What you need to do: Please transcribe only the lines between the one containing "With a location" and the end of the records, both ends included, exactly as written; skip every picture.

#### Data to process ####

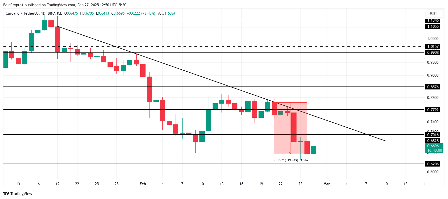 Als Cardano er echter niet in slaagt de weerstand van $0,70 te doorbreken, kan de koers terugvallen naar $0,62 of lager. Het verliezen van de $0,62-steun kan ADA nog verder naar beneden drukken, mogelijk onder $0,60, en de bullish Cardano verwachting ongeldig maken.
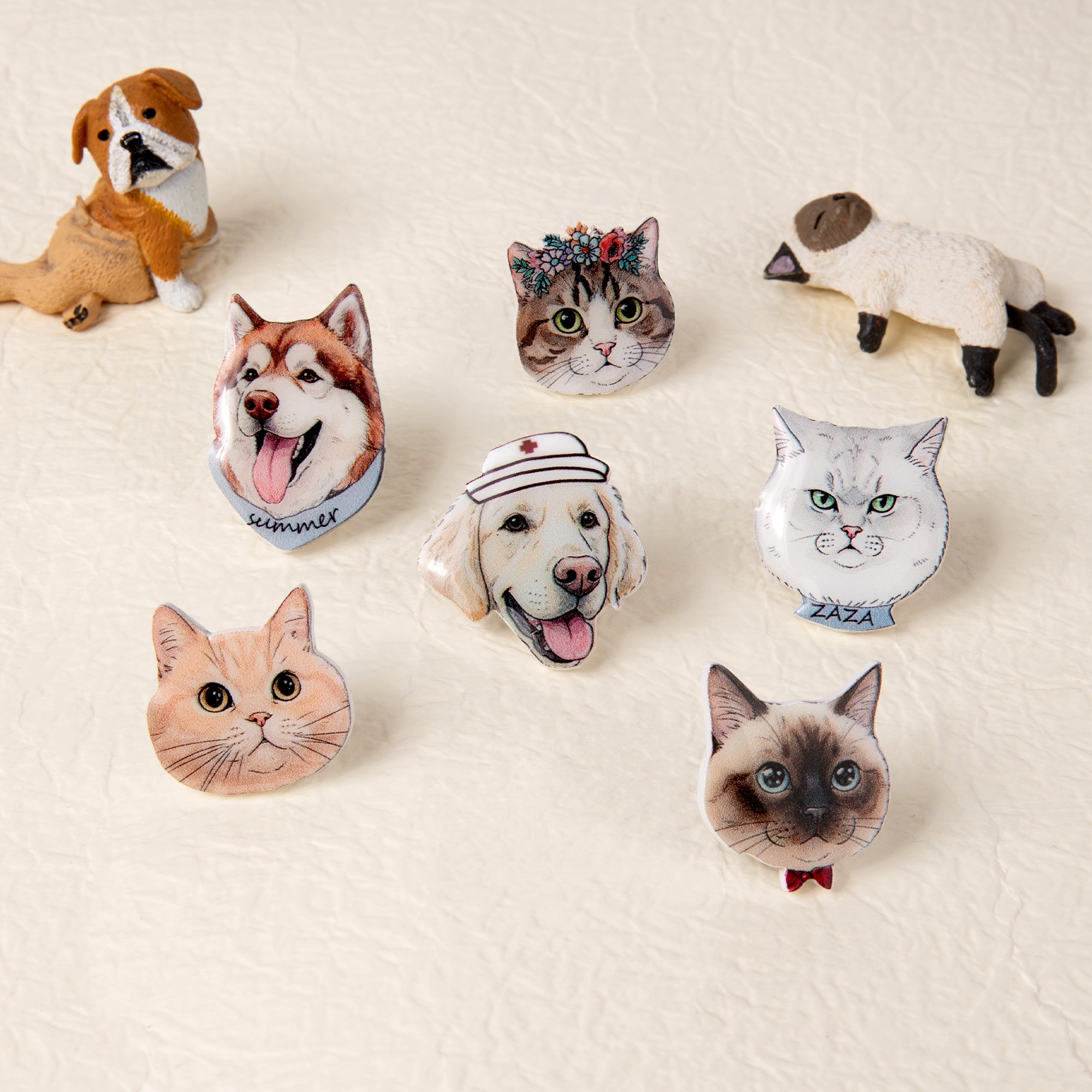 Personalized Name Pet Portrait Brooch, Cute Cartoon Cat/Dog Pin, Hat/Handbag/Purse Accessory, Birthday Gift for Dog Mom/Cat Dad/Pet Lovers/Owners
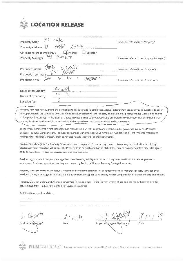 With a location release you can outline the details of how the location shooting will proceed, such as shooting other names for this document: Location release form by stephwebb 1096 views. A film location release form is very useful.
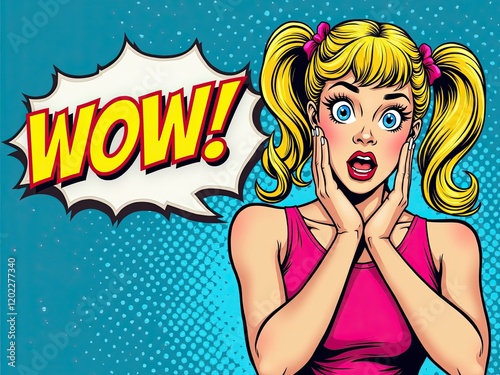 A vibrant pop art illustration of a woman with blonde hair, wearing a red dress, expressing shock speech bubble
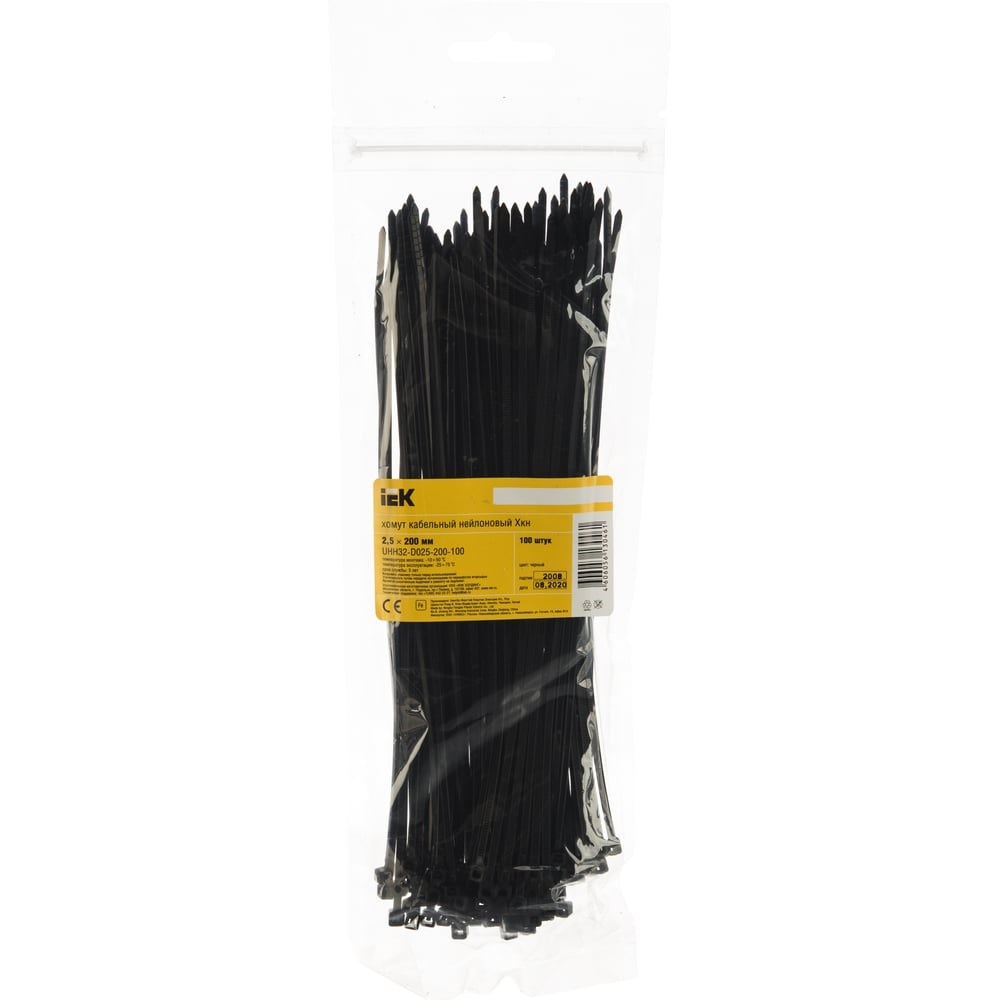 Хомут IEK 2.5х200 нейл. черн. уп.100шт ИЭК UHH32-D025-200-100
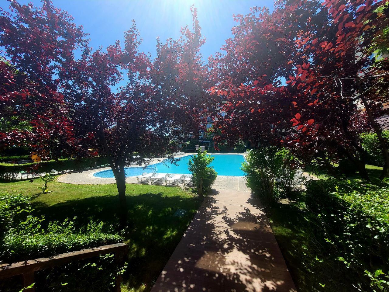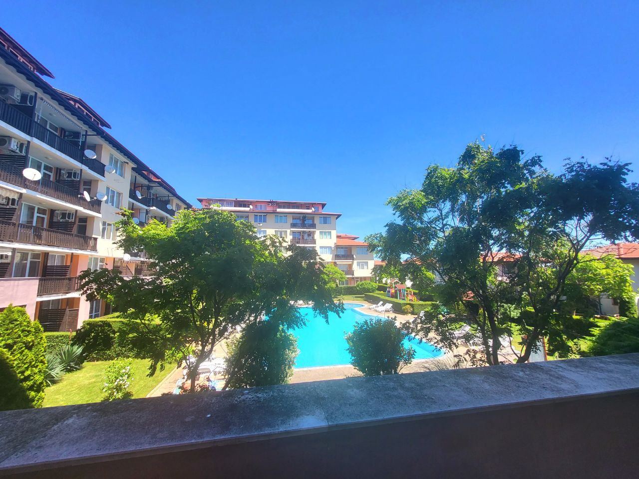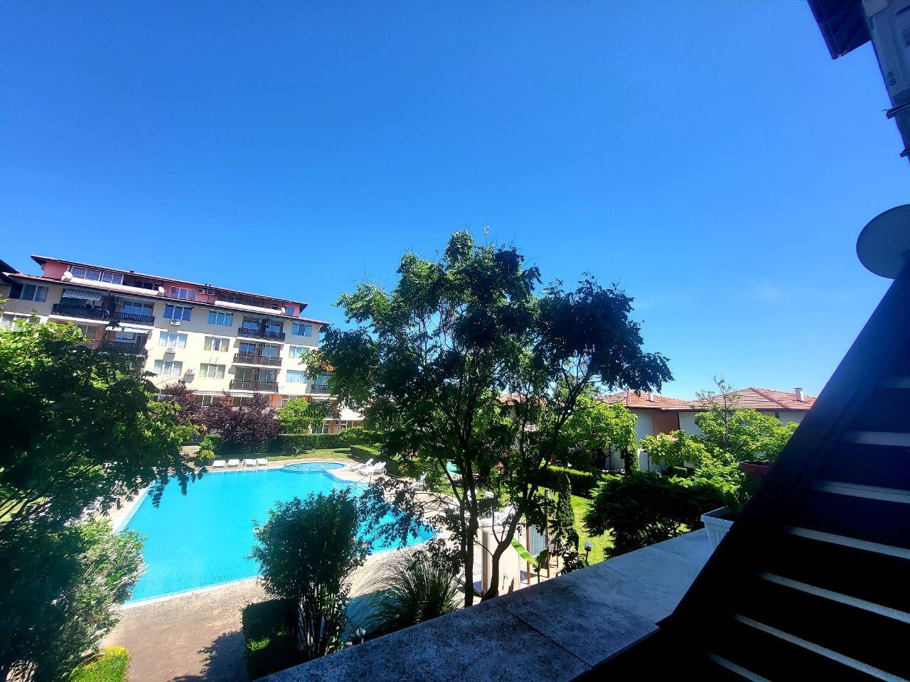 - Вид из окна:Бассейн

####

Response to this task:
 With a location release you can outline the details of how the location shooting will proceed, such as shooting other names for this document: Location release form by stephwebb 1096 views. A film location release form is very useful.
 A vibrant pop art illustration of a woman with blonde hair, wearing a red dress, expressing shock speech bubble
 Хомут IEK 2.5х200 нейл. черн. уп.100шт ИЭК UHH32-D025-200-100
 - Вид из окна:Бассейн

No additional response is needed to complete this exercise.